(DATASET EXCERPT begins)

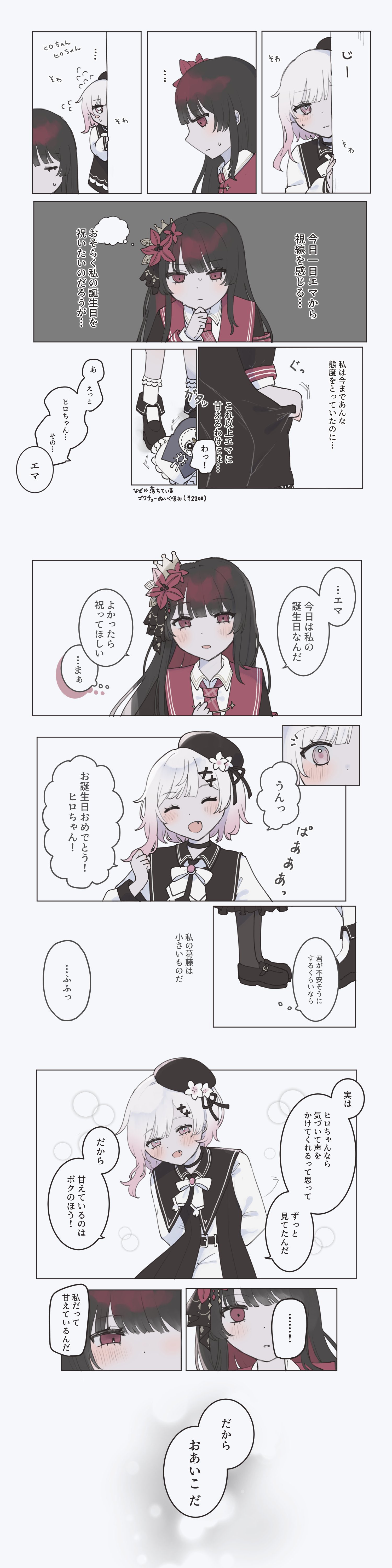| … | 6526/01/10(土)23:09:20No.1391303537+(二階堂家は女の子を誕生日に送ってもらう風習があるそうよ…) |
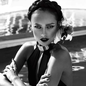 Supermodel Karmen Pedaru posing for Vogue Germany's latest cover story photographed by magazine's regular Alexi Lubomirski.
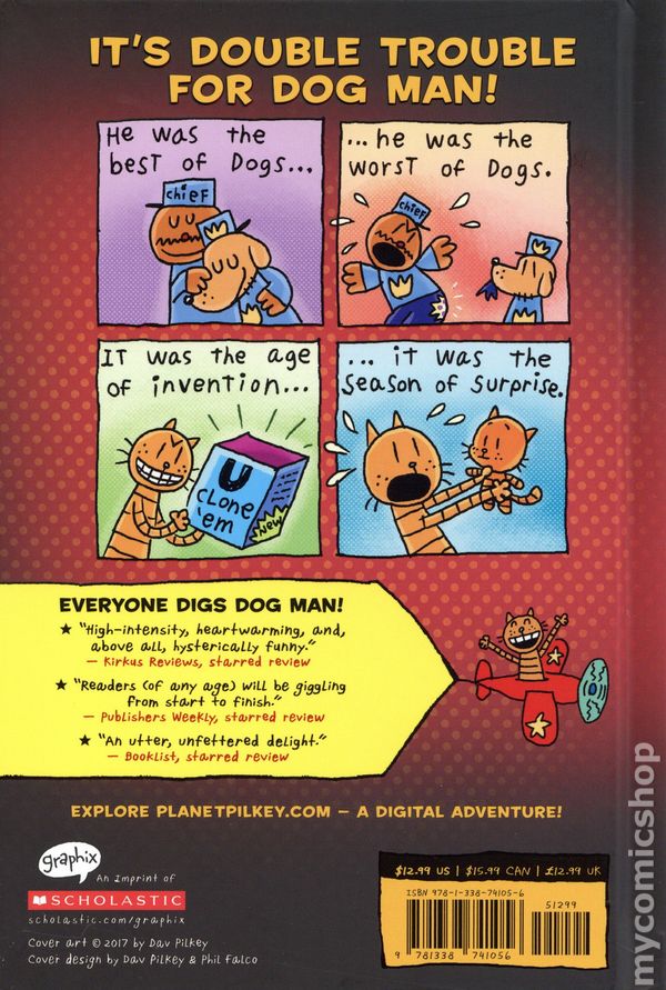 He was the best of dogs... He was the worst of dogs... It was the age of invention... It was the season of surprise... It was the eve of supa sadness... It was the dawn of hope... Dog Man hasn't always been a paws-itive addition to the police force. While he can muzzle miscreants, he tends to leave a slick of slobber in his wake! This time, Petey the Cat's dragged in a tiny bit of trouble -- a double in the form of a kitten clone. Dog Man will have to work twice as hard to bust these furballs and remain top dog!
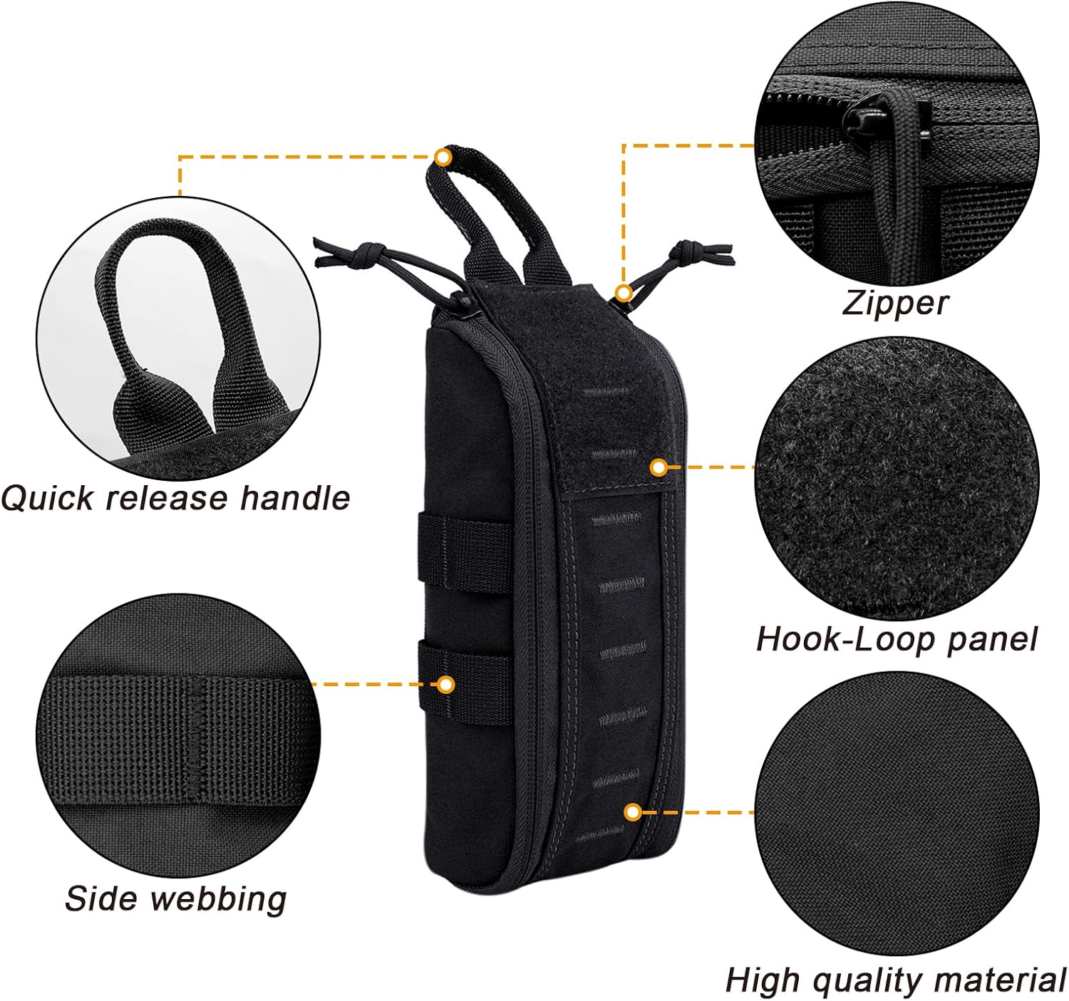【Built with Durability】 Constructed from 500D nylon material,featuring reinforced stitching,and smooth YKK zippers.This Ifak pouch is designed to offer long-lasting performance for demanding situations like wilderness camping, hiking,and emergency response.

(DATASET EXCERPT ends)

### INSTRUCTIONS FOR THE TASK
Would you please transcribe the listing in full, exactly, while omitting the images?

### WRITTEN REPLY
| … | 6526/01/10(土)23:09:20No.1391303537+(二階堂家は女の子を誕生日に送ってもらう風習があるそうよ…) |
 Supermodel Karmen Pedaru posing for Vogue Germany's latest cover story photographed by magazine's regular Alexi Lubomirski.
 He was the best of dogs... He was the worst of dogs... It was the age of invention... It was the season of surprise... It was the eve of supa sadness... It was the dawn of hope... Dog Man hasn't always been a paws-itive addition to the police force. While he can muzzle miscreants, he tends to leave a slick of slobber in his wake! This time, Petey the Cat's dragged in a tiny bit of trouble -- a double in the form of a kitten clone. Dog Man will have to work twice as hard to bust these furballs and remain top dog!
【Built with Durability】 Constructed from 500D nylon material,featuring reinforced stitching,and smooth YKK zippers.This Ifak pouch is designed to offer long-lasting performance for demanding situations like wilderness camping, hiking,and emergency response.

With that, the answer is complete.